Posted on • Originally published at Medium

Things you should consider before using DynamoDb

Lately, I'm been working on a project with DynamoDb, and this is my first time to meet this AWS service. It is just not a regular NoSQL database like MongoDB, I have encountered a few issues (or features?) of it, I will share them along with the way I dealt with them(if I do know how to).

No empty strings

DynamoDB is a NoSQL database, but it cannot store empty strings. Not in any levels of your JSON object. If you have a single value which is an empty string in your object, DynamoDB throws an error.

The workaround of this is, in aws-sdk (for node developers like me, you can find it on npm), it provides an option convertEmptyValues, if you set it true, the empty strings will be converted to null before being written into DB.

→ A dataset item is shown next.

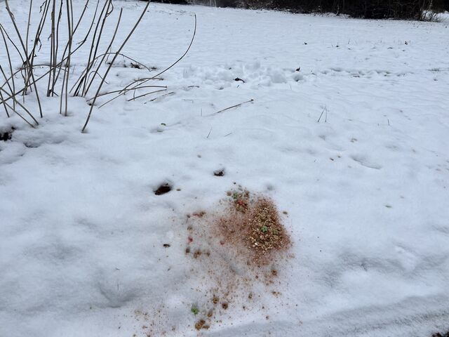 ただでさえ元から荒れ放題の庭なので、トナカイの食べ物を撒きました。まずは、表の庭の道路に面している縁に(一番我が家に影響が少ない

Query operation size limit

DynamoDB can maximum return 1MB of data in one query/scan operation. If your query contains more data, the results would include a key last_evaluated_key that you need to include in the next query, in order to retrieve "next page" of data.

Batch write limit

In every write requests, you can maximum include 25 rows only, which is very inconvenient. To deal with this issue and handle the possible write failure due to the exceed of throughput in concurrent write operations in multiple nodes, I have to do it like this:

const R = require('ramda')
const aws = require('aws-sdk')
const batchWriteToDb = async (tableName, data) => {
  const dynamoDb = new aws.DynamoDB({
    maxRetries: 999
  })
  const docClient = new aws.DynamoDB.DocumentClient({
    service: dynamoDb,
    convertEmptyValues: true
  })
  const dataSegments = R.splitEvery(25, data)
  // dynamoDb can only write 25 items once
  for (let i = 0; i < dataSegments.length; i++) {
    const segment = dataSegments[i]
    const params = {
      RequestItems: {
        [tableName]: segment.map(item => ({
          PutRequest: {
            Item: item
          }
        }))
      }
    }
    try {
      let response = await docClient.batchWrite(params).promise()
      while (!R.isEmpty(response.UnprocessedItems)) {
        const count = response.UnprocessedItems[tableName].length
        console.log(`${count} unprocessed item(s) left, retrying...`)
        const params = {
          RequestItems: response.UnprocessedItems
        }
        response = await docClient.batchWrite(params)
      }
    } catch (error) {
      console.log(error, error.stack)
    }
  }
}

Very clumsy, right?

Counting number of rows in a table

In other databases, there should be simple APIs to count the number of rows in a table, but not in the case of DynamoDb. There are two ways to get the number of rows in a table:

1. Use DescribeTable API

It returns information about a table, including the number of rows in it. But it only updates approximately every six hours, I think this is unacceptable.

2. Do a full table scan

Yet if your data exceeds 1MB, you have to do the scan operation recursively to get all pages of data…

Conclusion

DynamoDB is powerful, but it definitely got some trade-offs. If you come from the world of other NoSQL databases like MongoDB, make sure you take the above points into consideration before switching.